Q: Denver has council meetings. It has committee meetings. But it also has a unique third type of meeting called the “mayor-council” meeting. Each week, the council members sit around the table, and your mayor–who is not a part of council–comes in to chair a legislative update between the branches of government. These meetings are typically under a half hour, sometimes under ten minutes. If this is the time for the legislature and the chief executive to be in the same room at the same time, I would expect a little more give and take. What was your impression?

A: It is the lone chance where council is sitting at the table with the mayor in a public forum. Early on I did take advantage of that opportunity to try and raise certain concerns. That wasn’t very well received. It’s more of a perfunctory thing.

Q: I noticed that it was very rare for all council members to show up to the mayor-council meetings. What was your philosophy on showing up? Speaking now as John Q. Voter, should it matter to Denverites whether council members are having face time with the mayor?

A: I think it would be important to have face time with the mayor. I was a regular attendee until I wasn’t. There was a lot of things that were on the consent agenda that I took issue with and I wished we were questioning. I’m notorious on council for wanting to question things. For me personally, it made my skin crawl at times to be sitting in there being deferential when there were things there that I thought should be called out and questioned.
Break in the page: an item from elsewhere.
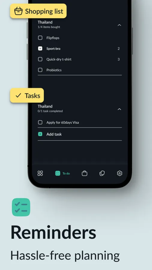 Manage shopping lists and tasks for seamless trip preparation. Set reminders for hassle-free planning.
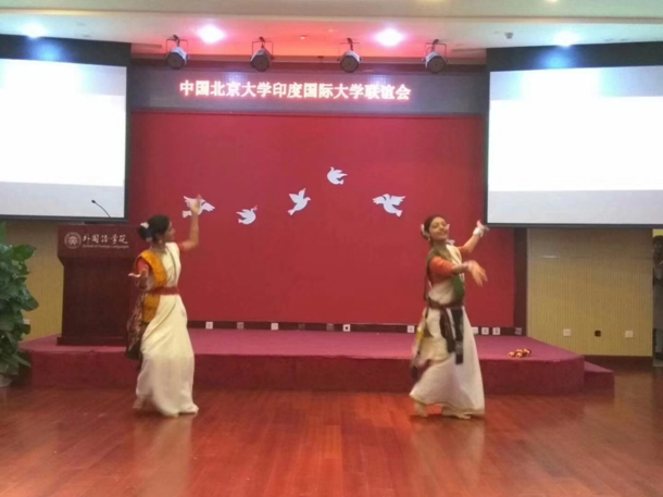 21日晚上,来自印度国际大学中国学院、北京大学亚非系、南亚系、瑜伽社团、泰戈尔《红夹竹桃》剧组的中印师生分别带来具有本国文化特色以及致敬对方文化的精彩表演,晚会现场气氛热烈,联欢会在集体演唱印度国际大学校歌与北京大学“燕园情”的友好气氛中结束。(文/潘啊媛)

Follow former Councilman Rafael Espinoza on Twitter: @CD1Rafael

Special Feature! “Best Thing, Worst Thing”

There is a lot of news to keep up with these days and it would be nice if someone explained what’s really important. Well, you’re in luck: there is a new episode of the “Best Thing, Worst Thing” project! For an explanation, check out the page here. Basically, you will be transported to a city or town where you (probably) have never been. You will hear from the locals about the things they like and the things they cannot stand.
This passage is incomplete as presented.